In Deschooling Society (1971), Ivan Illich wrote that education should start not with a prescribed curriculum, but with the question, "What kinds of things and people might learners want to be in contact with in order to learn?"
I have been lucky in finding a gang of peers, a range of teachers and a few masters: all three are vital in their different ways, echoing the old structure of the craft guild. Whatever you are pursuing in life, finding people who fulfil these roles is about the most important thing you can do.

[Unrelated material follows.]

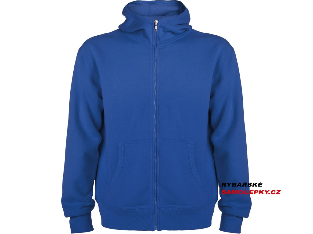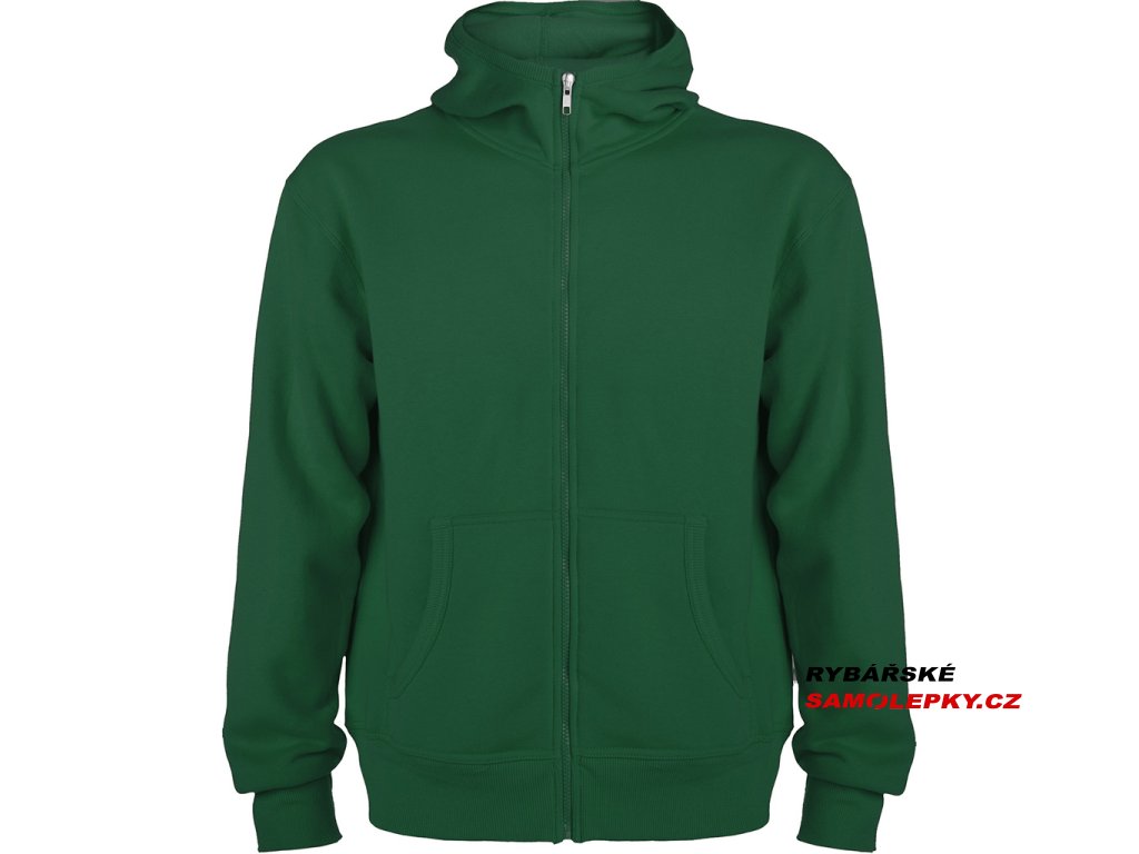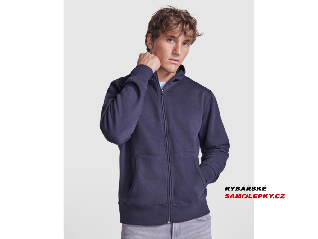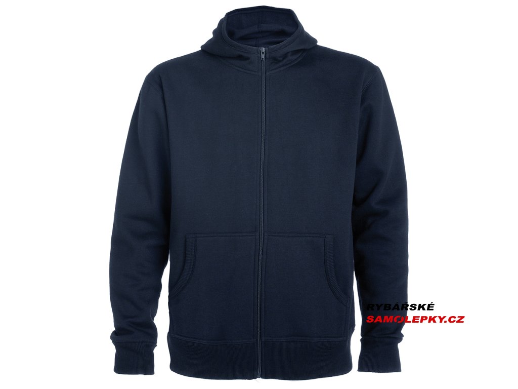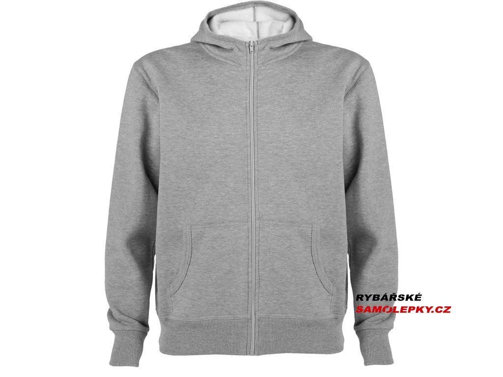 Mikina s kapucí a klokaní kapsou, celopropínací na zip. Lemování kapuce, kapes, rukávů a spodní okraj v žebrovaném úpletu 2x2.Doplňkové parametry

For some of us, books can go a long way in fulfilling the roles of master and teacher - and the Reading list soon outgrew this section to become the most comprehensive part of this site.
Just as important are the peers and collaborators who make up the People page, while Examples covers practical experiments, projects and places to learn from. Finally, the How To section links to simple guides to making things happen - not recipes to stick to, but rules of thumb for riffing off.
Taken together, this is the context from which my work begins, a web of friendships and conversations for which I'm extremely grateful.
Long after Deschooling Society, Illich described the way of living and learning which he had sought throughout his life. It is one of my favourite passages:
"Learned and leisurely hospitality is the only antidote to the stance of deadly cleverness that is acquired in the professional pursuit of objectively secured knowledge. I remain certain that the quest for truth cannot thrive outside the nourishment of mutual trust flowering into a commitment to friendship."